**TASK DESCRIPTION:** Could the lines from the start of the data through the line with "古城保护,保留的是历史文脉,守护的是百姓" be set down exactly, with no pictures among them?
* * * * *
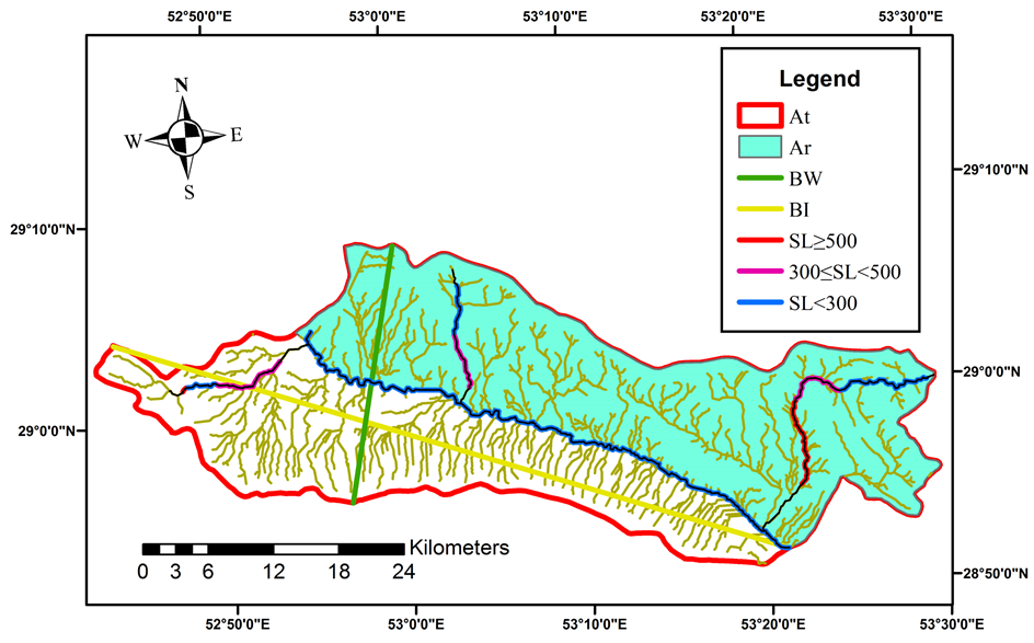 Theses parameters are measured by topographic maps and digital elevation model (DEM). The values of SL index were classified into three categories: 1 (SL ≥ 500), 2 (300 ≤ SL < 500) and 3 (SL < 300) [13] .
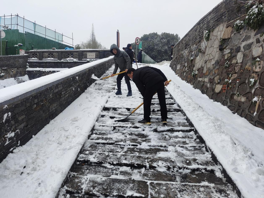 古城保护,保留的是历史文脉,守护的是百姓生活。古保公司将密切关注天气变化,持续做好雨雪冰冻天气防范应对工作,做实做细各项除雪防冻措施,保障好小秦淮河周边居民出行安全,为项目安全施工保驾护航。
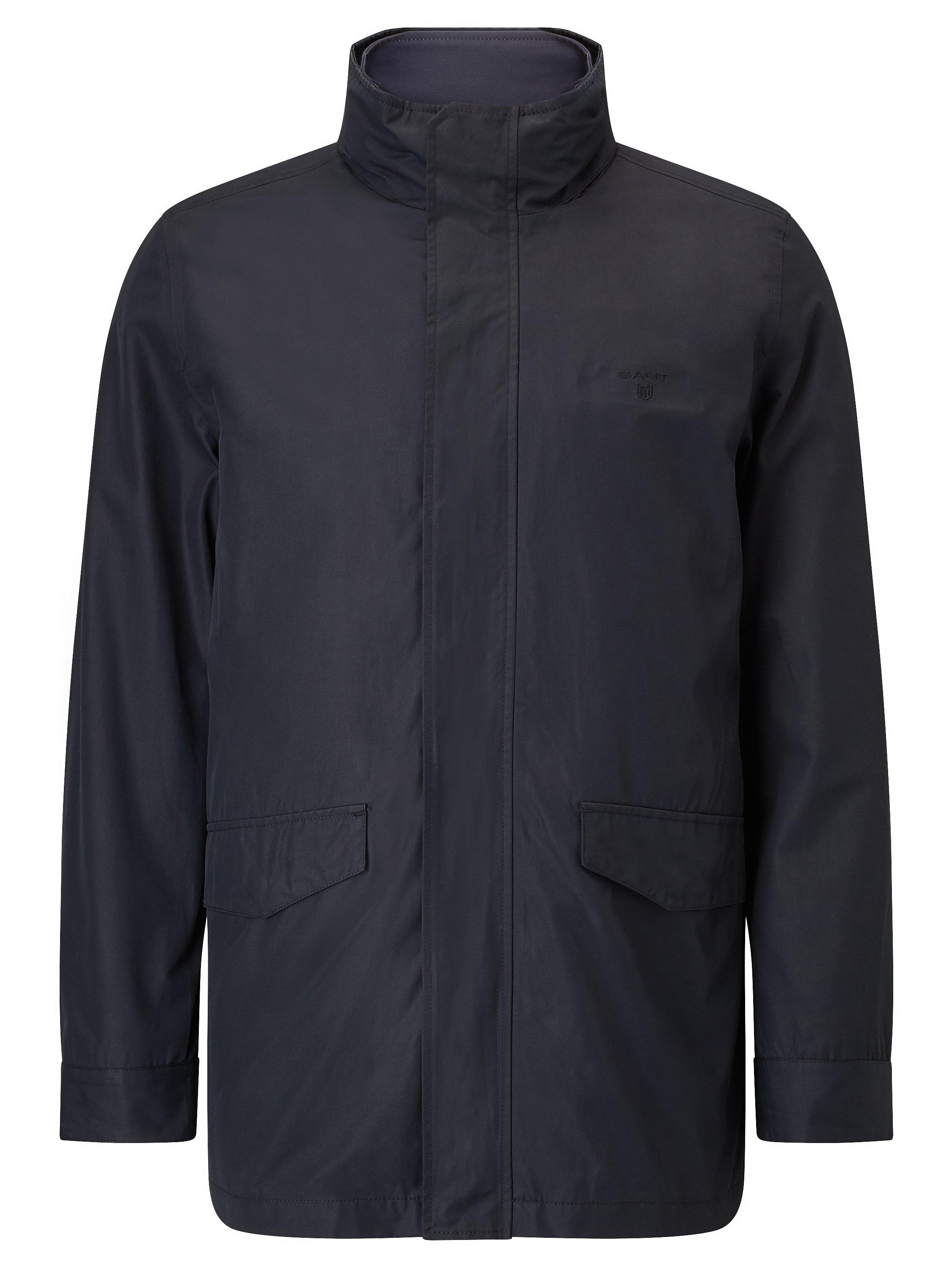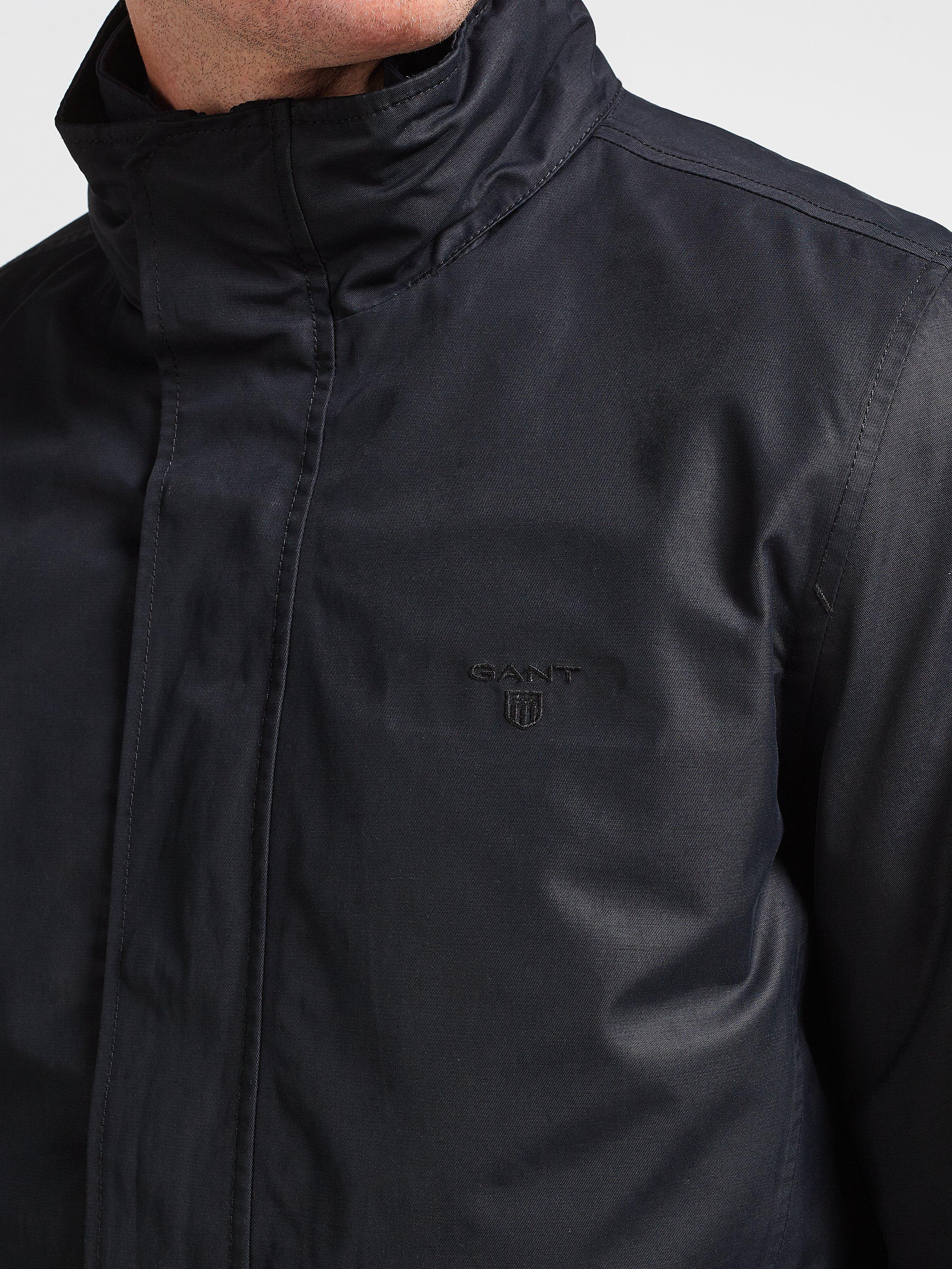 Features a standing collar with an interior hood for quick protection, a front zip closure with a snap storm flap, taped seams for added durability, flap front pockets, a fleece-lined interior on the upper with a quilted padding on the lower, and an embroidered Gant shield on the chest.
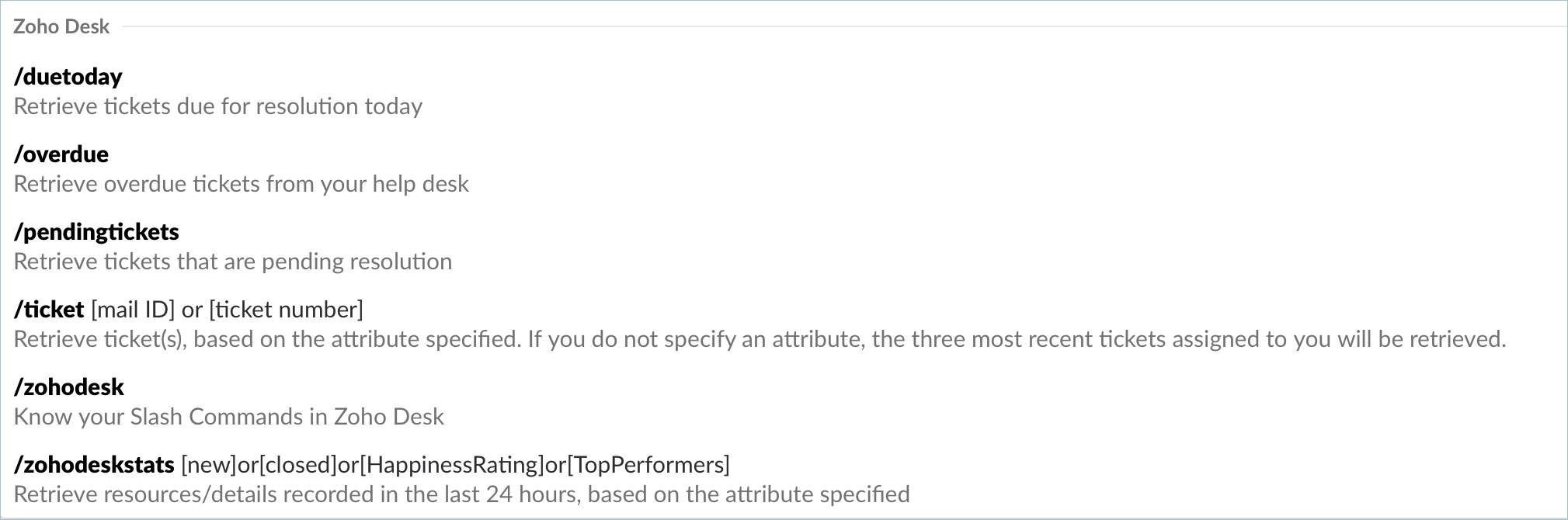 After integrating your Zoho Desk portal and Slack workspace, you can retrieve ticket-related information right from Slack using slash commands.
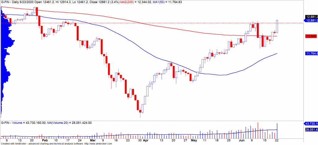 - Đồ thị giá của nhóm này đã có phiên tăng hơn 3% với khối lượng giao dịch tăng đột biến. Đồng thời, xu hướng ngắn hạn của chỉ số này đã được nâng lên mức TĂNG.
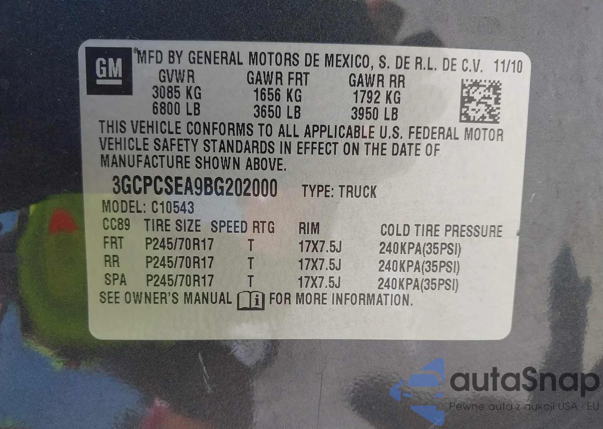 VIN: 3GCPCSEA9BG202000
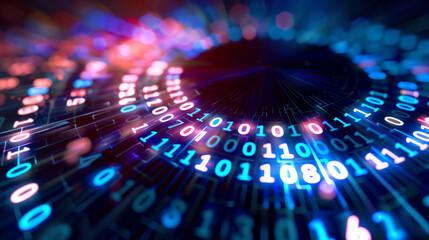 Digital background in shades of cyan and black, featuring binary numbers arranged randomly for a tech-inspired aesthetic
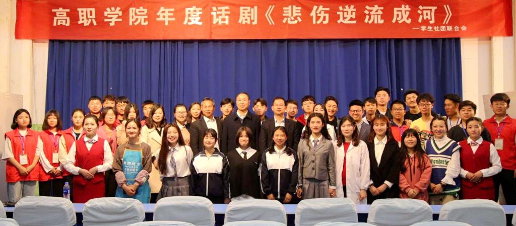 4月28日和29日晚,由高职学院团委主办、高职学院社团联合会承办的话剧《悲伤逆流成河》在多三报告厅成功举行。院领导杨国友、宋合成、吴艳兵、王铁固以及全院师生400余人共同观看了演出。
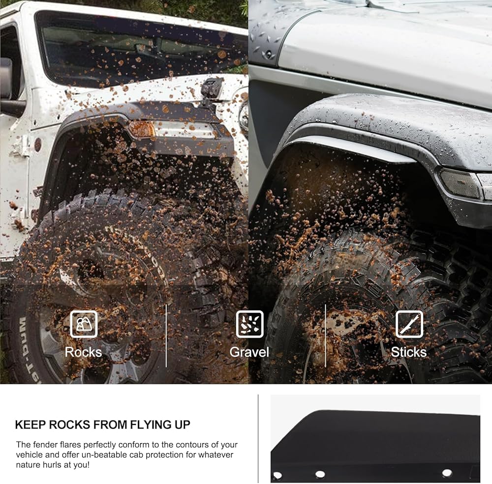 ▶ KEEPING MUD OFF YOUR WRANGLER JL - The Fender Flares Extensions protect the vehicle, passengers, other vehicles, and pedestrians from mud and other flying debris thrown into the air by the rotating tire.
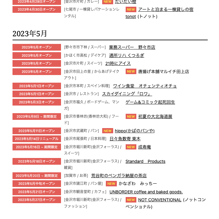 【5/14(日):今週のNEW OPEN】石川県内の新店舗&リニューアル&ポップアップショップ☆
* * * * *
**TASK RESPONSE:**
 Theses parameters are measured by topographic maps and digital elevation model (DEM). The values of SL index were classified into three categories: 1 (SL ≥ 500), 2 (300 ≤ SL < 500) and 3 (SL < 300) [13] .
 古城保护,保留的是历史文脉,守护的是百姓生活。古保公司将密切关注天气变化,持续做好雨雪冰冻天气防范应对工作,做实做细各项除雪防冻措施,保障好小秦淮河周边居民出行安全,为项目安全施工保驾护航。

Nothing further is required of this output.